# Data Science Algorithms: SVM

18 Sep
18Sep

## What is Support Vector Machine?

“Support Vector Machine” (SVM) is a supervised machine learning algorithm which can be used for both classification or regression challenges. However,  it is mostly used in classification problems. In this algorithm, we plot each data item as a point in n-dimensional space (where n is number of features you have) with the value of each feature being the value of a particular coordinate. Then, we perform classification by finding the hyper-plane that differentiate the two classes very well (look at the below snapshot). Support Vectors are simply the co-ordinates of individual observation. Support Vector Machine is a frontier which best segregates the two classes (hyper-plane/ line).

What is Support Vector Machine?

An SVM model is a representation of the examples as points in space, mapped so that the examples of the separate categories are divided by a clear gap that is as wide as possible.
In addition to performing linear classification, SVMs can efficiently perform a non-linear classification, implicitly mapping their inputs into high-dimensional feature spaces.

What does SVM do?

Given a set of training examples, each marked as belonging to one or the other of two categories, an SVM training algorithm builds a model that assigns new examples to one category or the other, making it a non-probabilistic binary linear classifier.

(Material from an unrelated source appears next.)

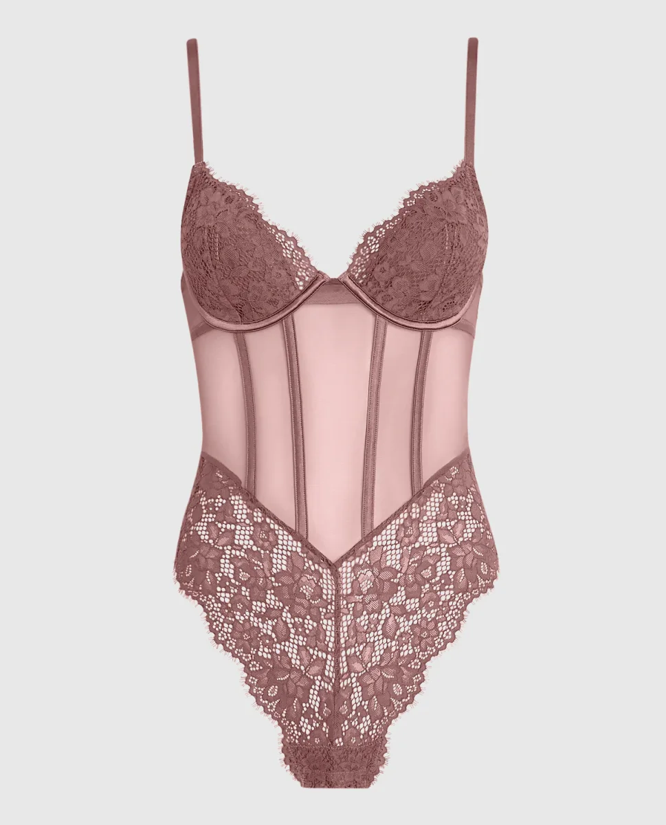 Lightly Lined Lace Bodysuit in Dusty Cedar
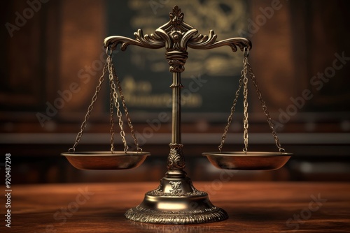 An antique brass balance scale with ornate details, perfectly balanced, set on a polished wooden table

## Pros and Cons associated with SVM

• Pros:
• It works really well with clear margin of separation
• It is effective in high dimensional spaces.
• It is effective in cases where number of dimensions is greater than the number of samples.
• It uses a subset of training points in the decision function (called support vectors), so it is also memory efficient.
• Cons:
• It doesn’t perform well, when we have large data set because the required training time is higher
• It also doesn’t perform very well, when the data set has more noise i.e. target classes are overlapping
• SVM doesn’t directly provide probability estimates, these are calculated using an expensive five-fold cross-validation. It is related SVC method of Python scikit-learn library.Read more

## Support Vector Machine vs Logistic Regression

• SVM try to maximize the margin between the closest support vectors while LR the posterior class probability. Thus, SVM find a solution which is as fare as possible for the two categories while LR has not this property.